*** Block opens ***
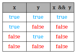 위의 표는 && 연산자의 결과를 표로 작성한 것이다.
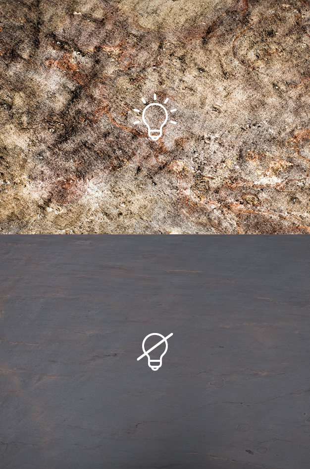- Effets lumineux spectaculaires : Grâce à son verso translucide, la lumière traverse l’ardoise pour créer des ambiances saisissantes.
*** Block closes ***
*** Block opens ***
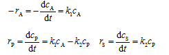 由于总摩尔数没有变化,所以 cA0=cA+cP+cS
*** Block closes ***
Exercise directions:
Reproduce the data above exactly, but only from the line containing "위의 표는 && 연산자의 결과를 표로 작성한 것이다." through the line containing "- Effets lumineux"; skip the pictures.

Response box:
 위의 표는 && 연산자의 결과를 표로 작성한 것이다.
- Effets lumineux spectaculaires : Grâce à son verso translucide, la lumière traverse l’ardoise pour créer des ambiances saisissantes.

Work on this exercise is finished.